Your transcription must include every record word for word and no pictures.

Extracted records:
......

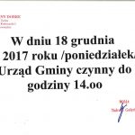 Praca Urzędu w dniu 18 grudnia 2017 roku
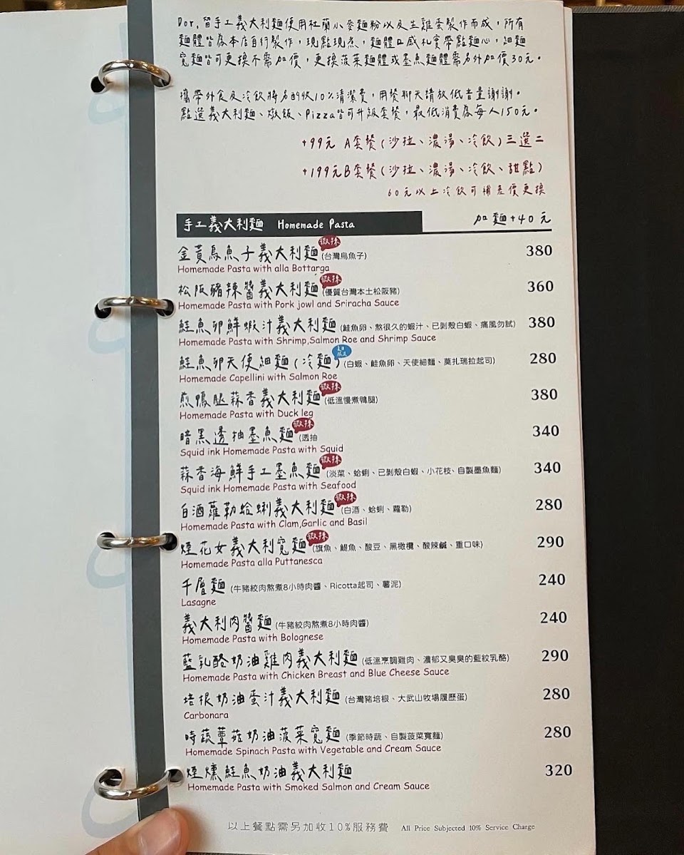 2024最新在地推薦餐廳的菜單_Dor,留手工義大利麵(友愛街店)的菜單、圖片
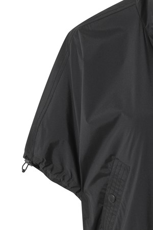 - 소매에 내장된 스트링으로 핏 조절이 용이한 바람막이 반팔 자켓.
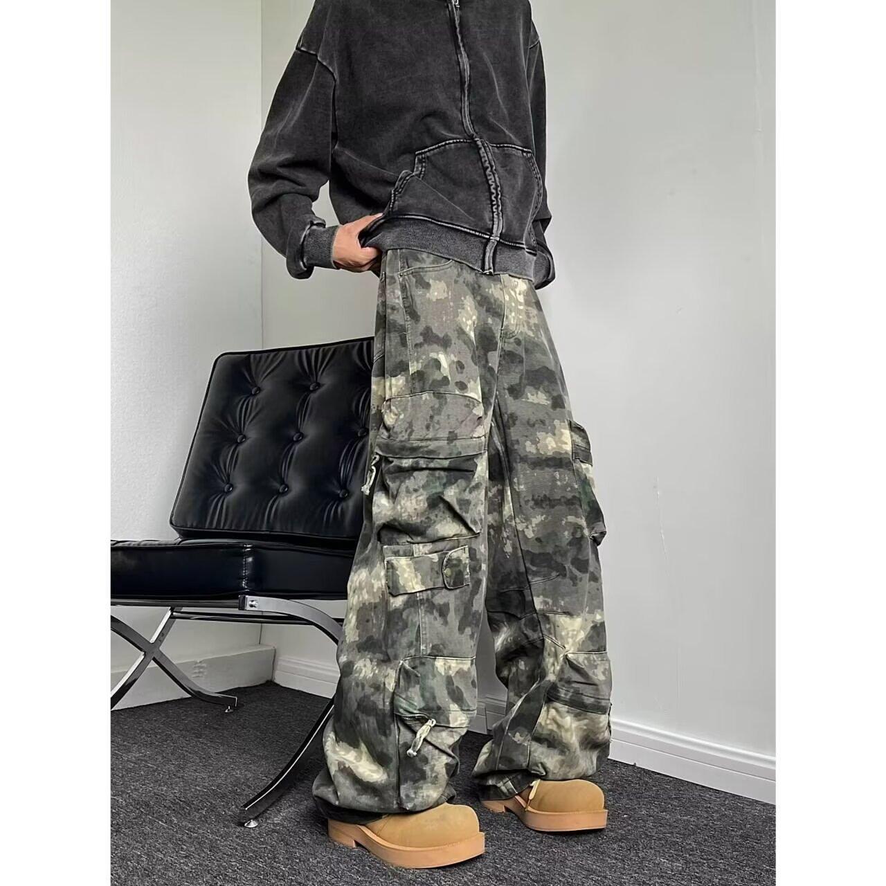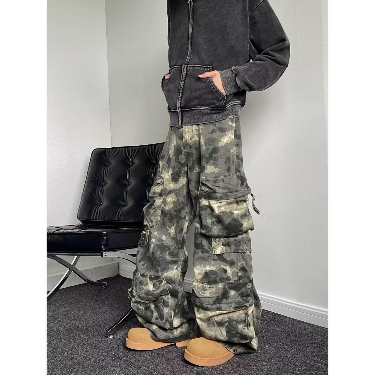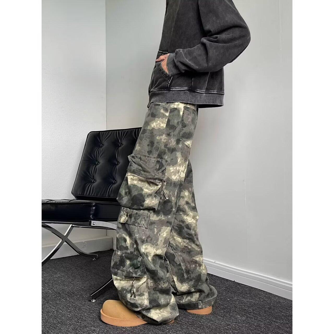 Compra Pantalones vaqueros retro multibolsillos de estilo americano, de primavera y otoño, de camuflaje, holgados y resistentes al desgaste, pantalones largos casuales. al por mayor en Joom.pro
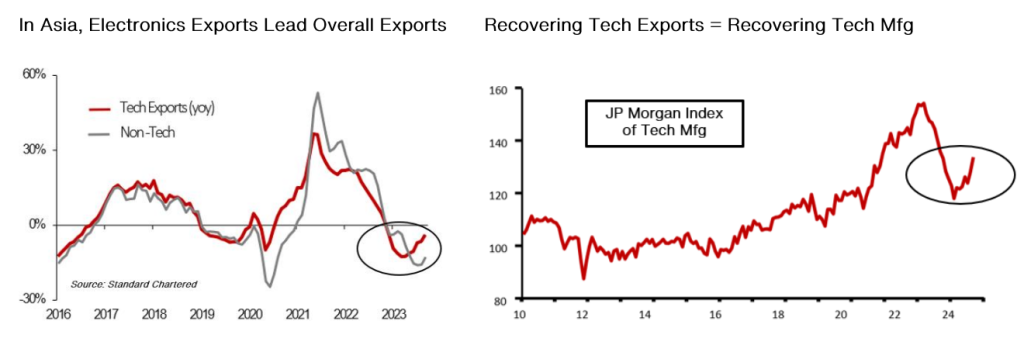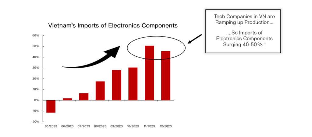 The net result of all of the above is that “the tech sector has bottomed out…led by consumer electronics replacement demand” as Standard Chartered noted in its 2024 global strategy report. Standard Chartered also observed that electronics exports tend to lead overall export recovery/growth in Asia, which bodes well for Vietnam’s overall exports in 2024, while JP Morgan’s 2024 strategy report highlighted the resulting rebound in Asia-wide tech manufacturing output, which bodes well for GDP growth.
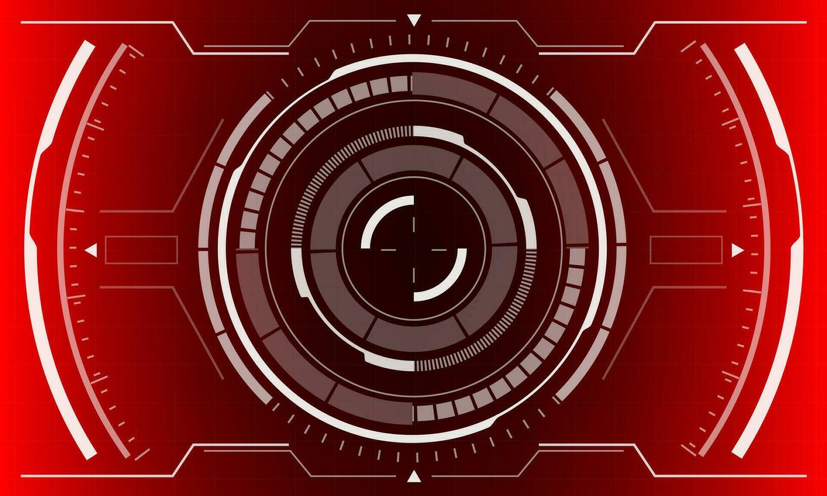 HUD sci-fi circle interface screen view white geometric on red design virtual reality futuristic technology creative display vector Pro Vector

......

- [Result of the task]:
 Praca Urzędu w dniu 18 grudnia 2017 roku
 2024最新在地推薦餐廳的菜單_Dor,留手工義大利麵(友愛街店)的菜單、圖片
 - 소매에 내장된 스트링으로 핏 조절이 용이한 바람막이 반팔 자켓.
 Compra Pantalones vaqueros retro multibolsillos de estilo americano, de primavera y otoño, de camuflaje, holgados y resistentes al desgaste, pantalones largos casuales. al por mayor en Joom.pro
 The net result of all of the above is that “the tech sector has bottomed out…led by consumer electronics replacement demand” as Standard Chartered noted in its 2024 global strategy report. Standard Chartered also observed that electronics exports tend to lead overall export recovery/growth in Asia, which bodes well for Vietnam’s overall exports in 2024, while JP Morgan’s 2024 strategy report highlighted the resulting rebound in Asia-wide tech manufacturing output, which bodes well for GDP growth.
 HUD sci-fi circle interface screen view white geometric on red design virtual reality futuristic technology creative display vector Pro Vector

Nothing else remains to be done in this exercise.